Glenn hired world renowned architect Ray Kappe of Los Angeles–based Kappe Architects/Planners to design LivingHomes’ prototype.“Steve asked if I was interested in prefabrication since he planned to start a business,” Kappe says. “I said I certainly was interested and … told him I had designed a modular prefab in the early ’60s.” Although Kappe had decades of experience designing homes made from pre-cut pieces, Glenn was especially interested in using modules, factory-built volumetric sections. “One of the major benefits of modular prefabrication is that it shortens the construction period while maintaining a high-level of quality control,” Glenn explains. Since the mechanical and electrical systems are roughed-in and most of the exterior cladding and interior finishes are added at the factory, fewer tasks need to be completed on-site.
LivingHomes’ prototype features extensive use of glazing alongside state-of-the-art resource conservation measures and renewable energy technologies.
Striving for Six Zeroes
The LivingHomes’ project team used a fully integrated approach to reduce the environmental impact of Glenn’s 2,480-square-foot, four-bedroom house. In April 2006, 10 modules of 10,000 pounds each were trucked from a factory in Santa Fe Springs, Calif., to Santa Monica. It took the site crew eight hours to position and connect the modules. Construction waste for the modules was 10 percent of what a site-built home typically produces. Leaving the structural steel exposed and using the slab-on-grade foundation as flooring for the first level limited the need to add finishes. An existing sidewalk was broken into pieces and used for hardscapes throughout the site.

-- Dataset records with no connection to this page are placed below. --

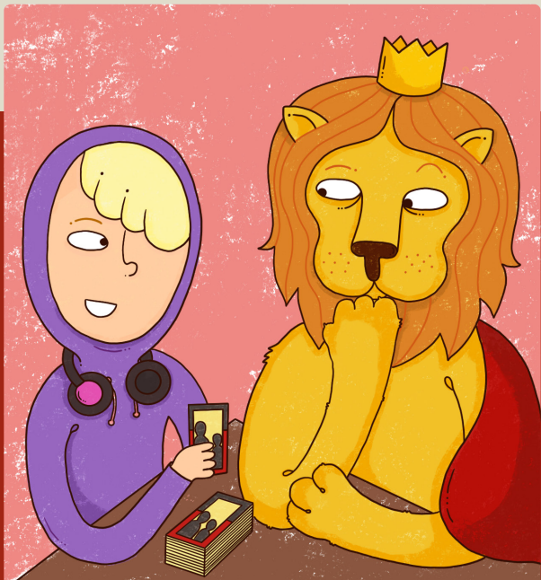
DET HÄR ÄR FÖRBJUDET FRÅGEKORT
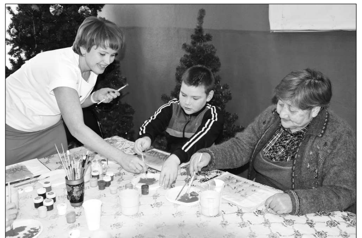
На тренинге «Правополушарное рисование».
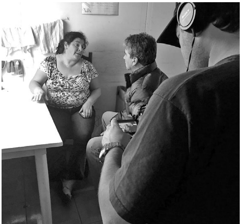
DURANTE LA ENTREVISTA cambió varias veces su relato.

Parte del impactante relato saldrá a las 22 horas de este domingo por las pantallas del canal católico.
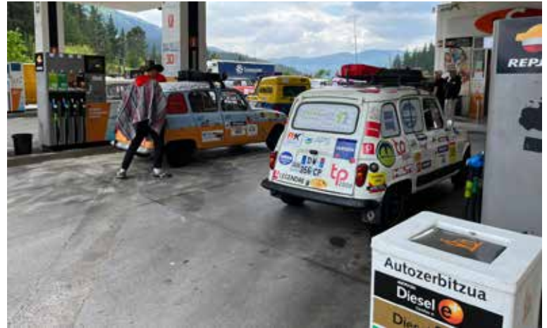
JOUR 2 : Route de Madrid à Algeciras
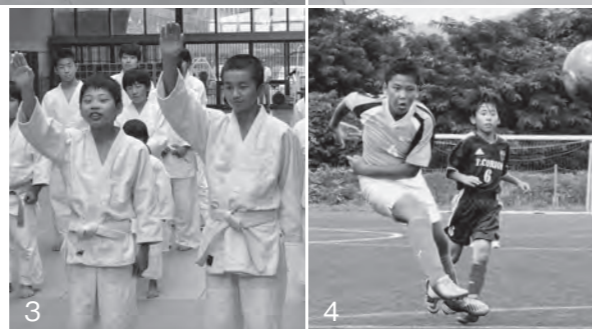
1～3_登別市とのスポーツ交流。本市の選手たちが登別市を訪れ、柔道で対戦した。 4_海老名市とのスポーツ交流。海老名市の選手たちが本市を訪れ、サッカーで対戦した。

猛暑の中行われたそれぞれの大会。選手たちは暑さに負けず、スポーツを通じて友情を深めていました。

The designers chose natural, nontoxic, and sustainably manufactured materials such as cork flooring, low-to-no-VOC paints and sealants, countertops made from 100 percent post-consumer recycled newspapers, tiles made from recycled glass or porcelain, and concrete mixed with fly-ash. FSC-certified wood was used for exterior cladding and decking and for interior ceilings and millwork.
The design also facilitates adaptation over time. The bedrooms can be reconfigured, expanded, or subdivided by moving modular storage units and opening or closing sliding partition walls. Adding a floor plate and two wallplates transforms the mezzanine into a bedroom.
Kappe’s expertise played a key role in accomplishing an attractive, well-insulated envelope. In 1975, a California state energy code limiting the use of glass prompted him to research the issue. Doing so, he found ways to use glass extensively by creatively combining glazing and passive-solar strategies. As a result, nearly three-quarters of the LivingHome prototype’s envelope consists of high-performance, low-E glass. A translucent polycarbonate panel on the northeast façade has twice the R-value of the insulated glass and allows natural light to enter the adjacent space while preserving privacy. Recycled denim insulation and fiberglass batting with a high R-value insulate remaining wall sections and the roof.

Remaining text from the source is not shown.